The algorithm in pseudocode:
INITIALIZE GRID HEIGHT AND WIDTH ACCORDING TO MAP'S ZOOMLEVEL
/* gridwidth = 100 << (21 - map.getZoom()) */
/* gridheight = 30 << (21 - map.getZoom()) */
FOREACH MARKER
CONVERT MARKER LAT,LON TO X,Y COORDINATES
/* y = latToY(marker.getPosition().lat()); */
/* x = lonToX(marker.getPosition().lng()); */
CONVERT X,Y TO NEAREST SLOT X,Y
/* slot_y = Math.round(y - (y % gridheight)) */
/* slot_x = Math.round(x - (x % gridwidth)) */
SET MARKER X,Y TO SLOT X,Y
WHILE SLOT POSITION IS OCCUPIED BY ANOTHER MARKER
MOVE TO NEXT SLOT POSITION
/* Next slot position is according to a simple spiral movement [1] */
SET MARKER X,Y TO SLOT X,Y
ENDWHILE
CONVERT MARKER X,Y TO LAT,LON
/* marker.setPosition(new google.maps.LatLng(lat, lon)); */
/* marker.setPosition(new google.maps.LatLng(lat, log)); */
STORE SOMEWHERE THAT MARKER IS IN THIS SLOT POSITION
ENDFOREACH
[1]: The search for next slot position is according to this pattern:
up, right, down, down, left, left, up, up, up, right, right, right, etc.
I'm not an expert in math but I was able to find some expressions online that resolved lat+lon for x+y (the other way around).
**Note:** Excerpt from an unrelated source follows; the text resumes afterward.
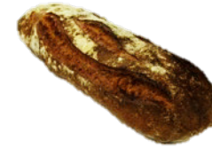
LEVAIN GRAND MÖRK (1350G)

I simply replaced all the constants with their values and put them in a solver to solve them for the variables I was interested in (e.g. longitude for XtoLon). I probably have the sites bookmarked somewhere but I can't find them.
var glOffset = 268435456;
var glRadius = 85445659.4471;// offset / pi
function lonToX(lon)
{
var p = Math.PI / 180;
var b = glRadius * lon;
var c = b * p;
return Math.round(glOffset + c);
}
function XtoLon(x)
{
return -180 + 0.0000006705522537 * x;
}
function latToY(lat)
{
return Math.round(glOffset - glRadius *
Math.log((1 + Math.sin(lat * Math.PI / 180)) /
(1 - Math.sin(lat * Math.PI / 180))) / 2);
}
function YtoLat(y)
{
var e = 2.7182818284590452353602875;
var a = 268435456;
var b = 85445659.4471;
var c = 0.017453292519943;
return Math.asin(Math.pow(e,(2*a/b-2*y/b))/(Math.pow(e,(2*a/b-2*y/b))+1)-1/(Math.pow(e,(2*a/b-2*y/b))+1))/c;
}
They are not pretty but I like them because they work really well
I found out somebody on Stackoverflow elaborated my functions with a deltaLonPerDeltaX() and deltaLatPerDeltaY(). The original poster's image is no longer available, so I'm not sure if I understand the question correctly, and therefore these additional functions. But there is a nice extra info cited from Google, which I will copy here:
At zoom level 1, the map consists of 4 256x256 pixels tiles, resulting in a pixel space from 512x512. At zoom level 19, each x and y pixel on the map can be referenced using a value between 0 and 256 * 2^19
(See [https://developers.google.com/maps/documentation/javascript/maptypes?hl=en#MapCoordinates][https://developers.google.com/maps/documentation/javascript/maptypes?hl=en#MapCoordinates])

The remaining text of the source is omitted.